- Born: March 5. 1951 Philadelphia, Pa. USA
- Education: Univ. of Pennsylvania (BA) Princeton University (PhD )
- Known for: Research in Functions of several complex variables, D'Angelo Type, Rational Sphere Maps
- Awards: Fellow of the American Mathematical Society (2014) Stefan Bergman Prize (1999)
- Scientific career
- Fields: Functions of several complex variables
- Workplaces: Massachusetts Institute of Technology University of Illinois, Champaign-Urbana
- Doctoral advisor: Joseph J. Kohn

= John D'Angelo =

American mathematician

John D'Angelo is an American mathematician. He is currently Professor Emeritus in the Department of Mathematics at the University of Illinois at Champaign-Urbana.

== Education ==
D'Angelo received his PhD from Princeton University in 1976, under the direction of J.J. Kohn. He was then a C.L.E. Moore Instructor at MIT from 1976 to 1978, becoming an Assistant Professor at University of Illinois in 1978, and was promoted to Full Professor in 1987. He became an emeritus professor in 2018.

== Awards and honors ==
D'Angelo was the recipient of the Stefan Bergman Prize in 1999 for "remarkable geometric insight that has led him to make several spectacular contributions to complex analysis". In 2014 he became a fellow of the American Mathematical Society: "For contributions to several complex variables and Cauchy-Riemann geometry, and for his inspiration of students".

== Research ==
D'Angelo's early work involved the study of order of contact between analytic subvarieties and boundaries of weakly pseudoconvex domains, which resulted in the definition and analysis of what are now known as points of D'Angelo finite type. The D'Angelo type provides a quantitative measure of the order contact between the boundary of the domain and analytic subvarieties. D'Angelo's work uses analysis and commutative algebra. A domain all of whose boundary points have finite D'Angelo type has analytic properties, with respect to holomorphic functions, that are quite similar to strictly pseudoconvex domains. David Catlin was able to prove regularity estimates for the $\bar{\partial}$-Neumann problem, the Bergman projection, and related operators for domains all of whose boundary points satisfy a condition closely related to finite D'Angelo type.

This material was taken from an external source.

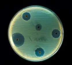 Test de la sensibilité de Staphylococcus aureus aux antibiotiques par antibiogramme. Les antibiotiques diffusent à partir de comprimés contenant des antibiotiques et inhibent la croissance de S. aureus, ce qui entraîne une zone d'inhibition.

Since 1990 D'Angelo's work has been focused on problems connected to the existence of proper holomorphic mappings between balls of different dimensions. That work led him to a study of complex variables analogues of Hilbert’s 17th problem and to various combinatorial and algebraic properties of Rational Sphere Maps.

== Books ==
- Several Complex Variables and the Geometry of Real Hypersurfaces. CRC Press, 1992.
- Mathematical Thinking: Problem Solving and Proofs. Prentice-Hall, 2000. (joint with Douglas B. West)
- Inequalities from Complex Analysis. Mathematics Assoc. of America, 2002.
- An Introduction to Complex Analysis and Geometry. American Math. Society, 2010.
- Hermitian Analysis: From Fourier series to Cauchy-Riemann Geometry. Springer, 2013.
- Linear and Complex Analysis for Applications. CRC Press, 2017.
- Rational Sphere Maps. Springer-Birkhauser, 2021.